Es cierto que puedo estar exagerando, porque me encanta la Cuaresma y siempre la espero como algo que voy a hacer mal, algo en lo que voy a «fracasar» según mis propios juicios, que suelen ser más severos que los de Dios. No me importa el fracaso porque es un recordatorio de que, sin la gracia, no puedo hacer nada por mí mismo.
«Todo lo que vale la pena hacer, vale la pena hacerlo mal», decía Chesterton. La Cuaresma refuerza esa paradójica verdad. Todos lo hacemos mal —si creemos que lo estamos haciendo bien, en realidad estamos fracasando estrepitosamente— y nuestras debilidades deberían crear, dentro de nuestro sentido compartido de mediocridad espiritual, una camaradería profundamente compartida. Por muy fracturada que esté nuestra comunidad de fe por la política o las guerras litúrgicas, cuando consideramos nuestro progreso cuaresmal y luego respiramos hondo mientras sacudimos la cabeza y giramos los ojos hacia el cielo, no hacen falta palabras; sabemos que estamos todos juntos en esto.
Es el suspiro lo que nos une.
La vida nos plantea todo tipo de retos exteriores a nosotros mismos. La Cuaresma es el reto interior que nos desafía a consentir en tener la humildad suficiente para luchar, e incluso fracasar, con el fin de desarrollar una dependencia de algo que va más allá de nuestra propia naturaleza: la fuerza sobrenatural de Cristo Jesús, cuya «gracia basta» [II Cor 12,9].
La Cuaresma nos anima a apuntar a lo alto y a lo ancho, y luego a aprender a lidiar con ello cuando nuestra flecha no dé en el elevado blanco espiritual que nos habíamos fijado, a ser consolados mientras empezamos a apreciar lo que realmente significa «Cuando soy débil, entonces soy fuerte» [II Cor 12,10].
Si realmente lo entendiéramos, estaríamos tan fascinados por el Miércoles de Ceniza como lo estuvo la Madre Seton, porque toda la aventura cuaresmal de viajar a lo que yo llamo «el gran vacío» —el desierto abierto ante nosotros— es donde, al buscar al Señor y preguntar qué podemos hacer por Él, finalmente nos encontramos con nuestro auténtico yo.
La vida nos golpea.
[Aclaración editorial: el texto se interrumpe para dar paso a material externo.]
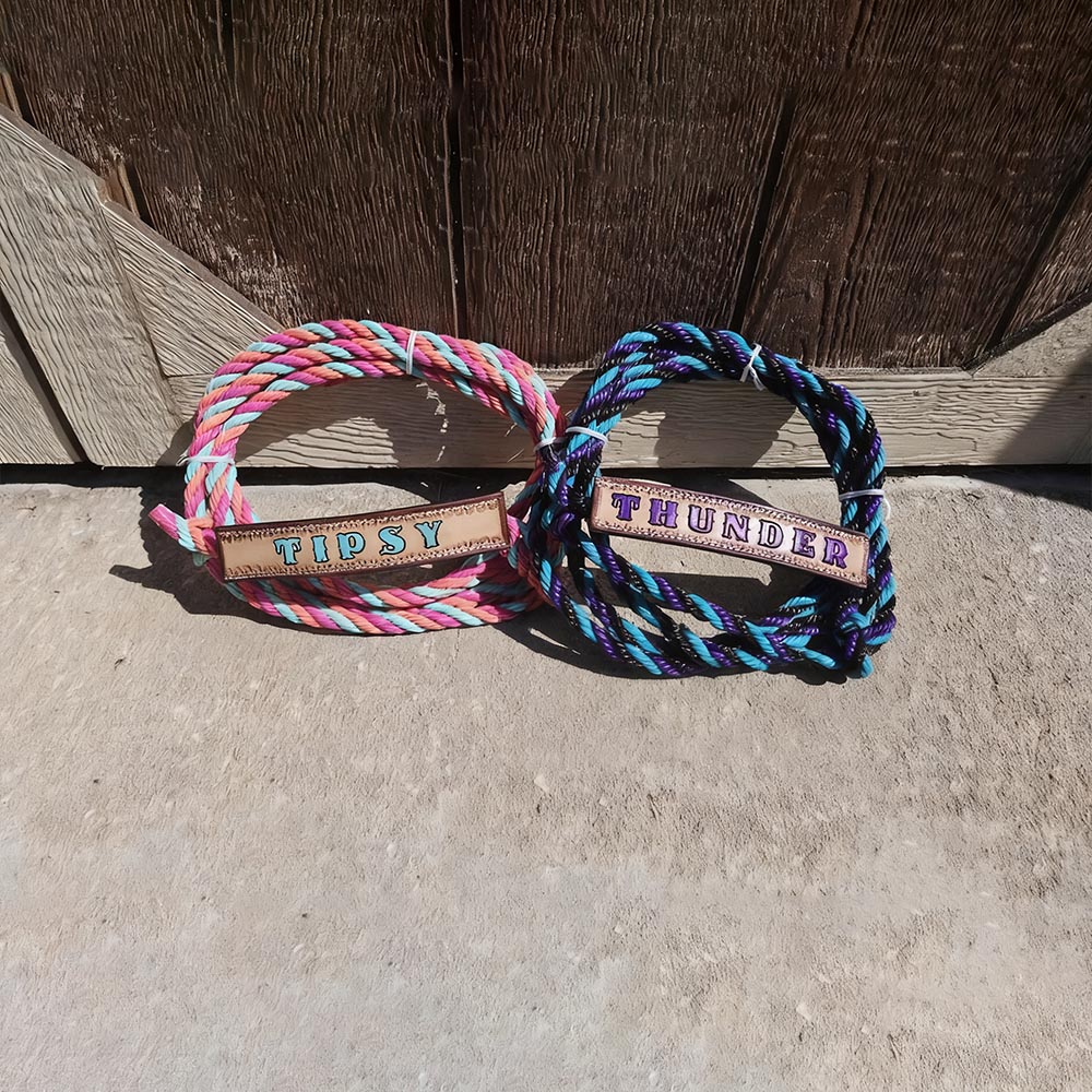 Unique Farm Accessory - This Personalized Name Tooled Cattle Halter is the perfect blend of functionality and personalization. Designed for calves, it features a colorful braided rope lead that adds a vibrant touch to any farm setting.

Nadie escapa de ella sin experimentar al menos un episodio de dolor atroz y de pérdida: pérdida de un ser querido, sin duda, pero también pérdida de la propia dignidad, de la sensación de seguridad; pérdida de la esperanza; pérdida de la propia sensación de lugar o de valía; pérdida de la creencia en la bondad de los demás; pérdida de la creencia, y punto.
Sobre todo si esas pérdidas se han producido pronto y con frecuencia, puede que sientas que te arrastraron al desierto demasiado pronto, cuando aún estabas fresco de juventud, y que has estado vagando injustamente durante mucho tiempo: ¿por qué tienes que seguir soportándolo, dando otra vuelta más?
Pero éste es el gran secreto del tiempo de Cuaresma: sigues adelante, aunque sea duro y sientas que ya has estado aquí antes, y que te resbalas en la arena y no llegas a ninguna parte. De repente, si las estás buscando, las bendiciones y las gracias que ya se te han dado se hacen evidentes, y una tierra prometida con más gracias se despliega a tu vista, y todo… empieza a tener sentido.
Y en ese momento habrá gloria, pero no de tu propia creación. Será la gloria de Cristo, brillando en tu propio rostro.
No nos puede extrañar que santa Isabel Ana Seton estuviera tan emocionada.
Pídele a esta gran santa que recorra este camino cuaresmal contigo, y que te enseñe lo que ella sabe sobre el encuentro con el gran vacío con un corazón frágil pero lleno de anhelo.